Les pellicules correspondent à de petits lambeaux de peau qui se détachent en permanence. Elles se forment généralement à la suite de la prolifération de micro-organismes (bactéries, champignons, levures…) qui se développent sur un cuir chevelu en mauvais état sanitaire et se nourrissent du sébum en excès. Pellicules et séborrhée sont donc très liées et il convient de lutter de la même façon contre ces deux problèmes.
 

Cheveux sensibilisés ou ternes

Le cheveu pousse par sa racine au rythme moyen d'un centimètre par mois. L'extrémité d'un cheveu de 30 cm aura donc 30 mois, soit deux ans et demi d'agressions pendant lesquels l'aspect de la cuticule aura bien changé ; on parlera alors de cheveu sensibilisé. En observant un cheveu dans sa longueur, depuis sa racine jusqu'à son extrémité, on voit en quelque sorte le travail du temps.

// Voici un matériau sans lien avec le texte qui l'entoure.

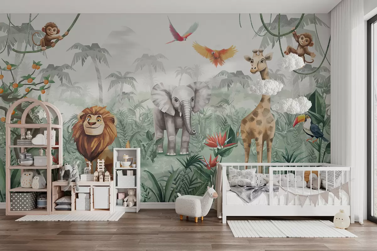Fototapetai Vaikų džiunglių dizainas su liūtu, žirafa, drambliu ir papūgomis Nr. w02440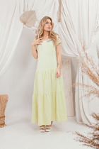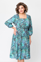Платье прямого силуэта, по переду центральный шов, рельефы, переходящие в бочок. В рельефах рабочие карманы. Вырез горловины округлый. Пройма с притачной фигурной деталью. Спинка со средним швом и талевыми вытачками.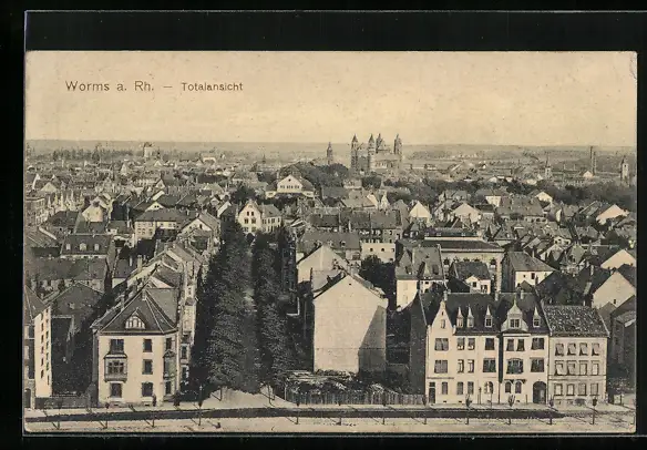 AK Worms a. Rh., Totalansicht aus der Vogelschau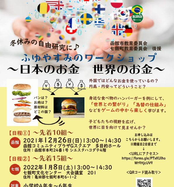 イベント ふゆやすみのワークショップ~日本のお金 世界のお金~ 12月26日(日) 12月26日(日)函館コミュニティプラザGスクエア 多目的ホールで開催される【ふゆやすみのワークショップ~日本のお金 世界のお金~】をご紹介♪冬休みの自由研究にピッタリのイベントです(*^^*) おやこ体験学ぶ 2021.11.29 おやこイベント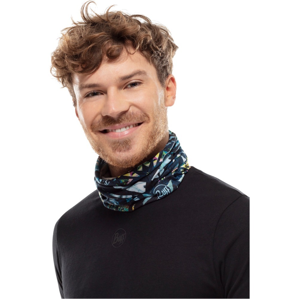 MADE FROM 2 RECYCLED PLASTIC BOTTLES - Butelki z recyklingu są zbierane, myte i siekane w drobne płatki. Następnie topi się je i formuje we paski. Są one topione i zamieniane we włókna, które stają się nowym produktem BUFF®.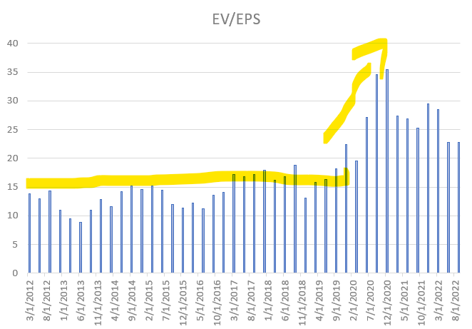 We see above that historically AAPL has been in a 10 to 15 range with the pandemic fueled spending making this surge to 35. It has since come down near 20-25 but I do not think it will stay here. I do think these will deflate further and will settle near 15.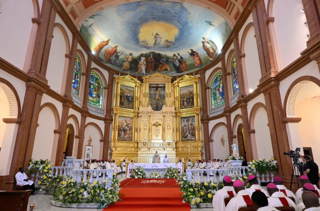 У середу, 22 квітня 2026 року, другий день перебування в Екваторіальній Ґвінеї та передостанній день ІІІ Апостольської подорожі, Папа Лев XIV прибув уранці до міста Монґомо на сході країни, поблизу з кордоном з Ґабоном. Там він відслужив Святу Месу в катедральному соборі Непорочного Зачаття. Цей храм є найбільшою культовою спорудою центральної Африки, а його архітектура наслідує площу й базиліку Святого Петра у Ватикані. Перед початком Євхаристійного богослужіння, на яке зібралися понад 100 тисяч вірних, чимало з яких прибули із сусіднього Ґабону, Святіший Отець поблагословив наріжний камінь під спорудження катедрального собору в новій столиці країни Сьюдад-де-ла-Пас. Про це розповідає українська редакція «Vatican News».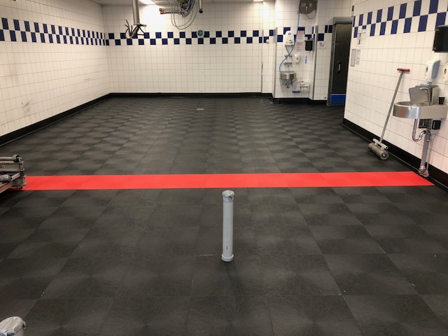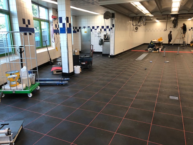 Zum Abschluss wurden die Bodenplatten mit 2K PU Kleber vollflächig verklebt und thermisch verschweißt.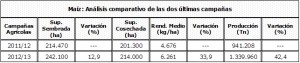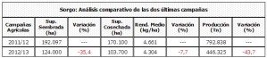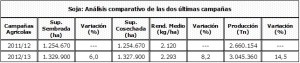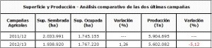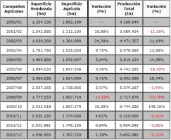 En ambos ítems se aprecia un crecimiento sostenido con excepción de la campaña 2008/09 relacionada con una inusual situación de sequía estival; los parámetros de la campaña 2012/13 no tienen significativa diferencia con el ciclo agrícola anterior.

Aux abords de cette racine, les écailles toutes neuves sont bien lisses et régulières, impeccablement jointes comme les ardoises d'une toiture. Plus on s'éloigne du cuir chevelu, plus elles apparaissent érodées. Elles présentent d'abord des rayures et leurs bordures se déchiquettent. Ensuite, elles se soulèvent et se disjoignent. Certaines écailles disparaissent et, à l'extrémité du cheveu, elles peuvent être partiellement ou totalement absentes : le corps du cheveu est mis à nu. Or, la brillance toute particulière du cheveu tient en grande partie au jeu de la lumière sur sa surface lisse et régulière, un jeu encore accentué par sa forme plus ou moins cylindrique. L'usure des écailles compromet l'homogénéité de cette surface et de cette forme. La réflexion de la lumière s'en trouve altérée et le cheveu devient terne.

Par ailleurs, le toucher étant un sens très développé, nous percevons, sans le savoir vraiment, l'état de ces fines écailles. Si elles sont en bon état, la chevelure nous semble douce. Des écailles abîmées la rendent rêche.